:: SUPPLIED MATERIAL
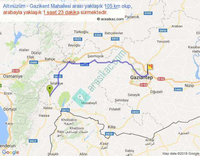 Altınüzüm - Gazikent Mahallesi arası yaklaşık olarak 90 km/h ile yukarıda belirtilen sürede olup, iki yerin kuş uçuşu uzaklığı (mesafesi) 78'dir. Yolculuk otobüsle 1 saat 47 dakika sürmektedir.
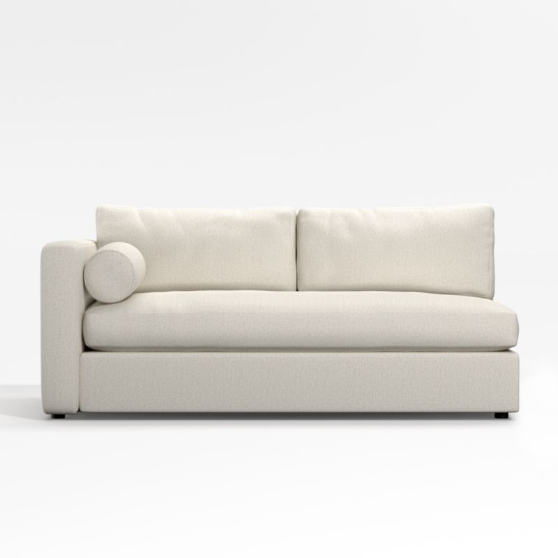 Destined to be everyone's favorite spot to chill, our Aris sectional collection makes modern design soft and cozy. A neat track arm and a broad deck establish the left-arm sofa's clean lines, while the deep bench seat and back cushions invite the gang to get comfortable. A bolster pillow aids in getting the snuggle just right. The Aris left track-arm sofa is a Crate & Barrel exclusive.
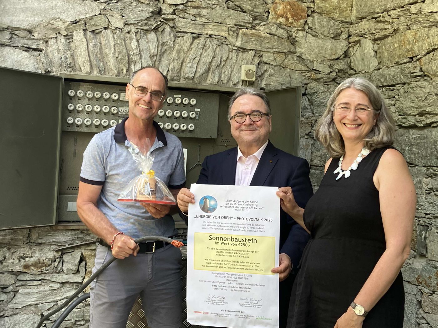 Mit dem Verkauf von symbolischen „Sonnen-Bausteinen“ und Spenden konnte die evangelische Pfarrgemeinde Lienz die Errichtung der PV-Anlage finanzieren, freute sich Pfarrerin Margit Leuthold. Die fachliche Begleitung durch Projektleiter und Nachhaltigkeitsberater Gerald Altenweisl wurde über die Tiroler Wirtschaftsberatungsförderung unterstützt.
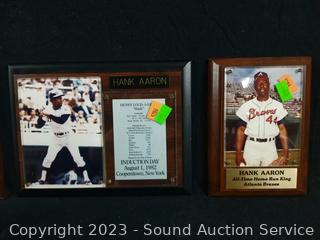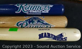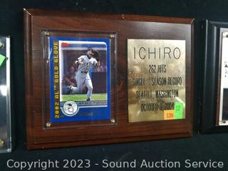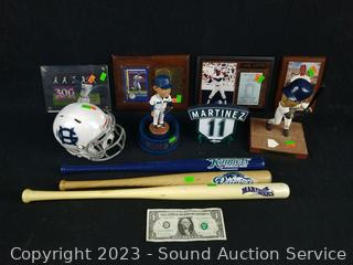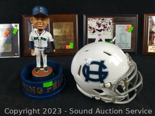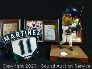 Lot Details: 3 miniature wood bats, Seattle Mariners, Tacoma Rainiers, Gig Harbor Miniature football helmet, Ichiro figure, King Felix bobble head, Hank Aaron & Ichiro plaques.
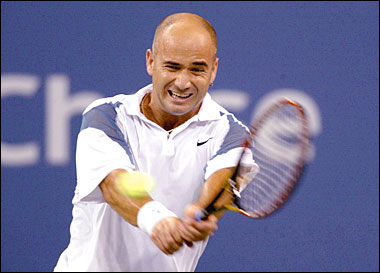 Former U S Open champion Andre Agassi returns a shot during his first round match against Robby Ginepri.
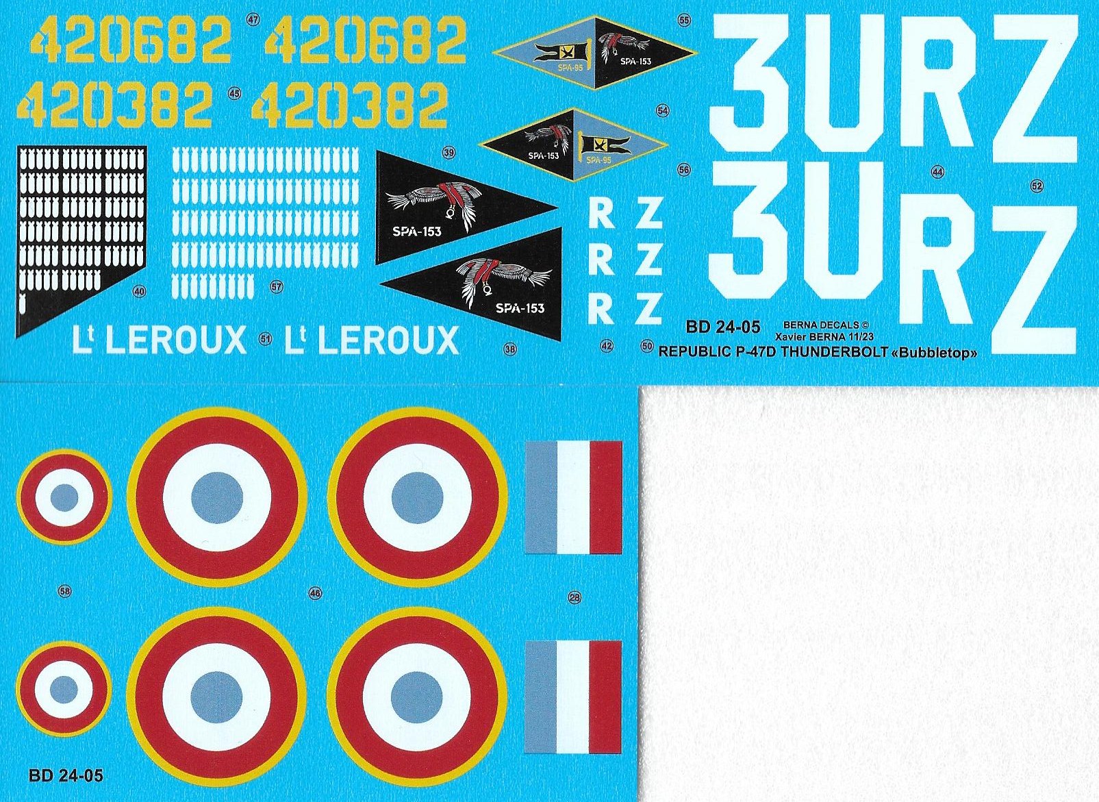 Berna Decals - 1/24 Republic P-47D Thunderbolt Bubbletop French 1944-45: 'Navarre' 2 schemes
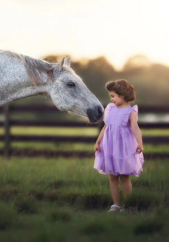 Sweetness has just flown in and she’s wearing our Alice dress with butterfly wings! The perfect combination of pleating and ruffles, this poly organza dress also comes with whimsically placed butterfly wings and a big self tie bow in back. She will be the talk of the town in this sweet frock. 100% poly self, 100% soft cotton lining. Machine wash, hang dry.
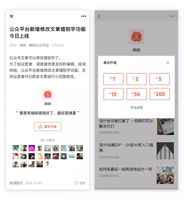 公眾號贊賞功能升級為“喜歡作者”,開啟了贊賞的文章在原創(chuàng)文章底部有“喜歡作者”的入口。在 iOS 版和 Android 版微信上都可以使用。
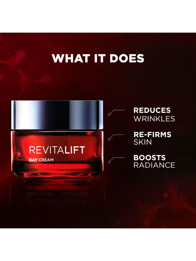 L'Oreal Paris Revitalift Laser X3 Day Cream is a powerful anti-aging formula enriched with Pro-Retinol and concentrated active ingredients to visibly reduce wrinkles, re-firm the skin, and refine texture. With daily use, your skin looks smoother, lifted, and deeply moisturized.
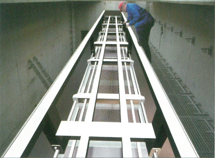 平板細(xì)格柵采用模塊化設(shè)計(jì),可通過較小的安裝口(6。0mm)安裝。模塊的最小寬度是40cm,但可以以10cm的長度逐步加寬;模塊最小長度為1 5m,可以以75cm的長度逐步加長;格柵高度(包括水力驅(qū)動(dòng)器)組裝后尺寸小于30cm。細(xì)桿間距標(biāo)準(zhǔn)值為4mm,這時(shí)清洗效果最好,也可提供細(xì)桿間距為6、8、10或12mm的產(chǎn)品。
::::
* **GOAL OF THE EXERCISE**: The entries above should be reproduced exactly, without their pictures.

* **THE COMPLETED TASK**:
 Altınüzüm - Gazikent Mahallesi arası yaklaşık olarak 90 km/h ile yukarıda belirtilen sürede olup, iki yerin kuş uçuşu uzaklığı (mesafesi) 78'dir. Yolculuk otobüsle 1 saat 47 dakika sürmektedir.
 Destined to be everyone's favorite spot to chill, our Aris sectional collection makes modern design soft and cozy. A neat track arm and a broad deck establish the left-arm sofa's clean lines, while the deep bench seat and back cushions invite the gang to get comfortable. A bolster pillow aids in getting the snuggle just right. The Aris left track-arm sofa is a Crate & Barrel exclusive.
 Mit dem Verkauf von symbolischen „Sonnen-Bausteinen“ und Spenden konnte die evangelische Pfarrgemeinde Lienz die Errichtung der PV-Anlage finanzieren, freute sich Pfarrerin Margit Leuthold. Die fachliche Begleitung durch Projektleiter und Nachhaltigkeitsberater Gerald Altenweisl wurde über die Tiroler Wirtschaftsberatungsförderung unterstützt.
 Lot Details: 3 miniature wood bats, Seattle Mariners, Tacoma Rainiers, Gig Harbor Miniature football helmet, Ichiro figure, King Felix bobble head, Hank Aaron & Ichiro plaques.
 Former U S Open champion Andre Agassi returns a shot during his first round match against Robby Ginepri.
 Berna Decals - 1/24 Republic P-47D Thunderbolt Bubbletop French 1944-45: 'Navarre' 2 schemes
 Sweetness has just flown in and she’s wearing our Alice dress with butterfly wings! The perfect combination of pleating and ruffles, this poly organza dress also comes with whimsically placed butterfly wings and a big self tie bow in back. She will be the talk of the town in this sweet frock. 100% poly self, 100% soft cotton lining. Machine wash, hang dry.
 公眾號贊賞功能升級為“喜歡作者”,開啟了贊賞的文章在原創(chuàng)文章底部有“喜歡作者”的入口。在 iOS 版和 Android 版微信上都可以使用。
 L'Oreal Paris Revitalift Laser X3 Day Cream is a powerful anti-aging formula enriched with Pro-Retinol and concentrated active ingredients to visibly reduce wrinkles, re-firm the skin, and refine texture. With daily use, your skin looks smoother, lifted, and deeply moisturized.
 平板細(xì)格柵采用模塊化設(shè)計(jì),可通過較小的安裝口(6。0mm)安裝。模塊的最小寬度是40cm,但可以以10cm的長度逐步加寬;模塊最小長度為1 5m,可以以75cm的長度逐步加長;格柵高度(包括水力驅(qū)動(dòng)器)組裝后尺寸小于30cm。細(xì)桿間距標(biāo)準(zhǔn)值為4mm,這時(shí)清洗效果最好,也可提供細(xì)桿間距為6、8、10或12mm的產(chǎn)品。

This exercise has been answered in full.